All I Need is the second studio album by English singer-songwriter Foxes, released on 5 February 2016.

Background
Foxes started work on the album in January 2015 in Los Angeles. Commenting on the album's direction, Foxes said "I was inspired a lot more with this record with stripping things back and making it a lot more emotional. I didn't want to do a concept album, I always like it when I can write from a diary in a way. It's quite an emotional album. It's got elements from the first one, but it's definitely not as produced. The tracks feel a lot more vocal [with] piano and strings. It's still cinematic in ways but I'm a lot more honest on this record this time around, which is quite a scary thing to be." She has also said that the album was inspired by relationships.

Critical reception

All I Need received generally positive reviews from music critics. At Metacritic, which assigns a normalized rating out of 100 to reviews from mainstream critics, the album has an average score of 67 out of 100, which indicates "generally favorable reviews" based on 9 reviews.

Promotion

Singles
"Body Talk" was released as the album's lead single on 24 July 2015 in the United Kingdom.
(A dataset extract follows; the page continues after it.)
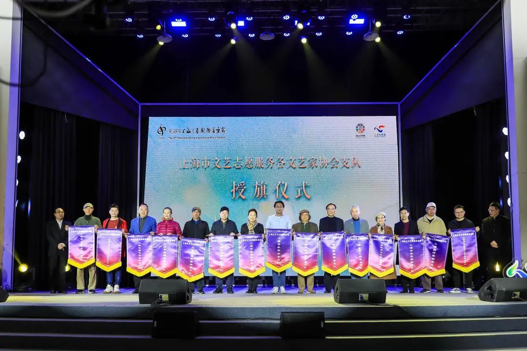 沈文忠、郭俊为上海市文联15家协会的新时代文艺志愿服务支队授旗。
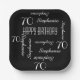 Black White 70th Birthday Party Repeat Name Square Paper Plate

On her Facebook page, Foxes announced that the second single would be "Better Love", co-written by Dan Smith from Bastille. The song which features Smith's vocals was released on 4 September 2015.

"Amazing" was released as the album's third single on 4 December 2015.

"Cruel" was released as the album's fourth single on 19 April 2016, the same day that its video was released.

Other songs
A video for "Feet Don't Fail Me Now" was launched by H&M as part of the H&M Loves Music campaign.

"If You Leave Me Now" was released on 27 November 2015 as a promotional single.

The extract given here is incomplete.